Midwestern executives maintain that their region offers a quality of life and cost of living that can't be matched on the coasts. EaglePicher's Parker explains that he moved to Kansas when he was a teenager, attended KU, and now lives on a farm with eight horses and 20 head of cattle. "I've got four kids," he says. "Kansas offers the right lifestyle to bring up a family, plus good schools at a good price."

Still, company executives acknowledge that the region lacks the scientific and entrepreneurial critical mass that attracts chemists to Boston or San Diego. UW Milwaukee's Cook says his international chemistry students immediately want to leave for the coasts when they graduate. Wisconsin-bred graduates, on the other hand, "grew up in Wisconsin and are willing to work at Aldrich, or Cedarburg, or Cambridge Major because they like it here and they want to stay local."

To replicate at least some of the coastal atmosphere, Major arranged a series of eight lectures at his firm last year under the theme "Chemistry That Works." Speakers included Cook; Victor Snieckus from Queen's University, Kingston, Ontario; and Bruce Lipshutz of the University of California, Santa Barbara. "I hope my employees will say, 'With this kind of excitement and activity, I don't need to go to San Diego,' " he says.

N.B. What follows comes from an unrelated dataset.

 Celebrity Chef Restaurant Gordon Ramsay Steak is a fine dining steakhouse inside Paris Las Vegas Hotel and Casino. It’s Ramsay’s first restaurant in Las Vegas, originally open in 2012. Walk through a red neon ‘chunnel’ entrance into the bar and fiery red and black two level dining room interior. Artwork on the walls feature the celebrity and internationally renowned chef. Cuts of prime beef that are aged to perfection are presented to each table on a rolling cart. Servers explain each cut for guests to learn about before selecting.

For 2006, Major is planning new lectures featuring industry speakers. He is also president this year of the Wisconsin Biotechnology & Medical Devices Association, which is working with the Wisconsin Alumni Research Foundation, UW's technology licensing arm, to teach local entrepreneurs how to start businesses based on UW technology. Such businesses perhaps will occupy the new biotech office and lab complex that is being built near Chicago out of Pfizer's former Skokie facility.

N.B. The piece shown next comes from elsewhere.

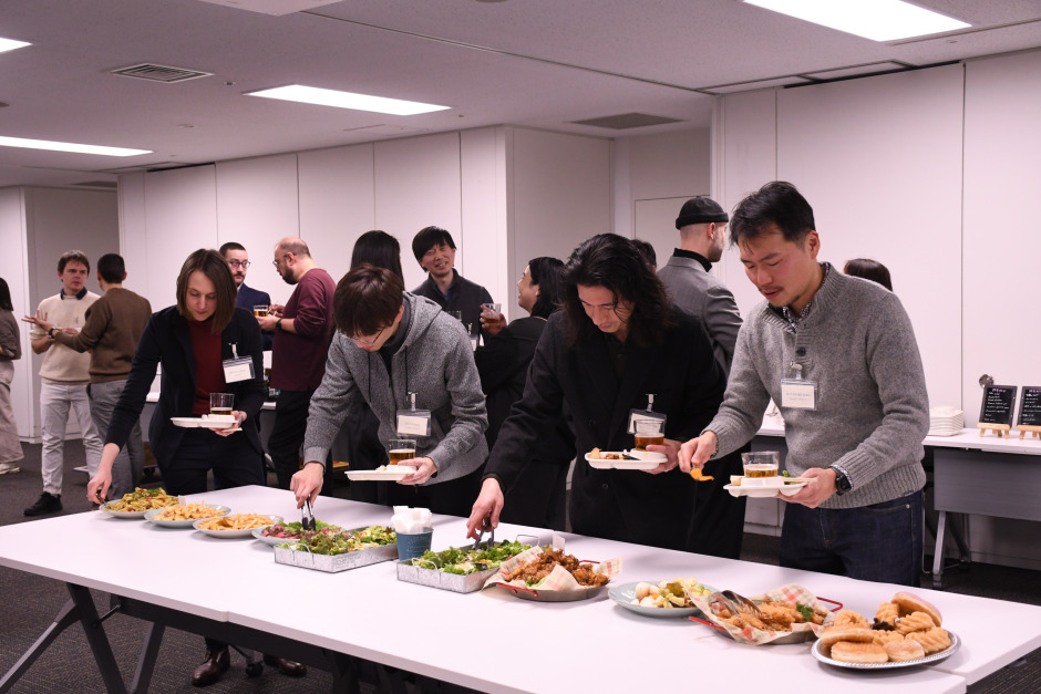 In the career talk session led by WIAS alumni, Professor Toshinori Fujie (School of Life Science and Technology, Institute of Science Tokyo), Associate Professor Susumu Annaka (Faculty of Social Sciences, Waseda University), and Associate Professor Garry Kong (Graduate School of Humanities and Social Sciences, Hiroshima University) shared highly insightful perspectives based on their own research and experiences in career development. Following a coffee break, the flash talk session resumed with a presentation by Adjunct Researcher Áron Fittler, followed by brief research presentations by three WIAS members, as with the first half. These presentations can be said to have served as a major catalyst for the research exchanges that followed.

While executives like Major are bullish on the Midwest, they know certain people will never be convinced to settle there. Brian Scanlan, Major's vice president of corporate development, is a typical midwestern company employee in that he grew up in the Midwest, moved to Boston for five years, and returned home in 2002. "The bulk of the résumés we get are either from immigrants or people like me who are coming back to the Midwest," Scanlan says. "We never see a résumé from a native Californian."